I’ve been very saddened to see so many lives destroyed, so many people who worked hard and did their best to build something, suffered through the economic drought of the pandemic, and then watched all their labor go up in smoke, or out the door in the hands of thieves, or simply dashed in pieces because a mob was angry and they happened to be the closest target.  It’s tough to watch.  Every element of the story, from the incident that provided the spark, to the smoldering ruins, breaks my heart to see.  But it’s not the first time this has happened, even in this country, and although it may get much, much worse, it may also get much, much better.  That’s up to each of us to decide for ourselves.

There are other mob scenes in the Bible, and they’re all instructive as we try to process this and move forward.  But I’d like to wrap up with the one that occurred in Ephesus, led by a group of people who felt their economic fortunes were looking bleak, and exacerbated by racial hatred between Gentiles and Jews.  Eventually, a nameless, low-ranking public official steps in and addresses the crowd.  He soothes the specific fears of the instigators, and then closes:

“If therefore Demetrius and the craftsmen with him have a complaint against anyone, the courts are open, and there are proconsuls.

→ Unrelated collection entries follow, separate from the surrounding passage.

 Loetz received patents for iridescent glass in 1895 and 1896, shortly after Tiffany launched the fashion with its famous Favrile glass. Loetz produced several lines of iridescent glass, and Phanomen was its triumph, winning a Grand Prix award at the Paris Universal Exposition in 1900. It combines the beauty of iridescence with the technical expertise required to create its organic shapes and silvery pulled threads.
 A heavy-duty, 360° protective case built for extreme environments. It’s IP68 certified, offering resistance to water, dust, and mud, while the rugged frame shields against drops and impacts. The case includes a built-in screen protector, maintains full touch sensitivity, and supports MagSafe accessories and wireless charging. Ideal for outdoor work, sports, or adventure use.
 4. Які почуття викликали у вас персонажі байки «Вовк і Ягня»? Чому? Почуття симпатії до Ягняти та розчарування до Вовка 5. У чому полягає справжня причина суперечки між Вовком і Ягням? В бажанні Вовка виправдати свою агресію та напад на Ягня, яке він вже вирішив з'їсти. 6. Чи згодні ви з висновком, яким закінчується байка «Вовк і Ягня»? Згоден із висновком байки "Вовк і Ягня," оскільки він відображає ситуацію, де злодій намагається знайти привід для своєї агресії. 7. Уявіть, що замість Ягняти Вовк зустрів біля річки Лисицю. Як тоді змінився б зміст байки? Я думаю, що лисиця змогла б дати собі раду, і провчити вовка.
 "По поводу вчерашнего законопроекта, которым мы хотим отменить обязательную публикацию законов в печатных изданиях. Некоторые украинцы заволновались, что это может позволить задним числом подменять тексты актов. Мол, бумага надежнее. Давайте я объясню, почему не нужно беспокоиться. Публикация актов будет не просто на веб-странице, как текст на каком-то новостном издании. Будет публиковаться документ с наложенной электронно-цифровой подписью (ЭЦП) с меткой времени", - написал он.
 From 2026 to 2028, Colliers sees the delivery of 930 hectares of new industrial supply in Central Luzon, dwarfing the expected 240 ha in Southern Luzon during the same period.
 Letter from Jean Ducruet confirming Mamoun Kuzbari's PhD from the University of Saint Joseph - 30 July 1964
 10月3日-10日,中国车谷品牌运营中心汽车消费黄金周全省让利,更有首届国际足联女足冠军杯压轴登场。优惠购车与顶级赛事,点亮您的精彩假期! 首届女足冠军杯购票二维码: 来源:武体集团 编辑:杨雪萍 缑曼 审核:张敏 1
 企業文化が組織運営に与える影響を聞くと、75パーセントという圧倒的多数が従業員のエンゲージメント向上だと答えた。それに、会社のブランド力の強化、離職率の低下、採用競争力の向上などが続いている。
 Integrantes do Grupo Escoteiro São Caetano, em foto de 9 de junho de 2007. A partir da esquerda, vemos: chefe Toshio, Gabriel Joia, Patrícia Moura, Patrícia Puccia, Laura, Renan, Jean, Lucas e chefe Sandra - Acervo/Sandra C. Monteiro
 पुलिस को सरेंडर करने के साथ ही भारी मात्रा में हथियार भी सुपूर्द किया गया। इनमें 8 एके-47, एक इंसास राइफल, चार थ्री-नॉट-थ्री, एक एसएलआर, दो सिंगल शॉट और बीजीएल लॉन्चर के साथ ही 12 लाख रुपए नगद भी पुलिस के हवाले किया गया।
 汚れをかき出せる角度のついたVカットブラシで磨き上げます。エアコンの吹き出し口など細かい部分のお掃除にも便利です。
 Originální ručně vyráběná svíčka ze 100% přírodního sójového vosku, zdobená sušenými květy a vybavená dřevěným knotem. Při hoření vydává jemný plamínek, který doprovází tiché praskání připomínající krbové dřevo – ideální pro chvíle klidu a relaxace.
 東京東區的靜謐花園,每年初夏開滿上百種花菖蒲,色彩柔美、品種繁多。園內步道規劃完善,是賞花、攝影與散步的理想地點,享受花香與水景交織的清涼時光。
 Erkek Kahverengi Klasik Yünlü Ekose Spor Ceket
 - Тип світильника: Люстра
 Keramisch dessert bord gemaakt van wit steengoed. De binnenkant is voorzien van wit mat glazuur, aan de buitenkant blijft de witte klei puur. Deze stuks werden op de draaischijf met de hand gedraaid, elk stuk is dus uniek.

Let them bring charges against one another. But if you seek anything further, it shall be settled in the regular assembly. For we really are in danger of being charged with rioting today, since there is no cause that we can give to justify this commotion.” And when he had said these things, he dismissed the assembly.

Every town should have such a clerk.  This guy isn’t even a Christian, but he shows a basic awareness of right and wrong, practical foresight, and the guts to put his own life on the line for what’s right, and for the common good.  How much better could you do?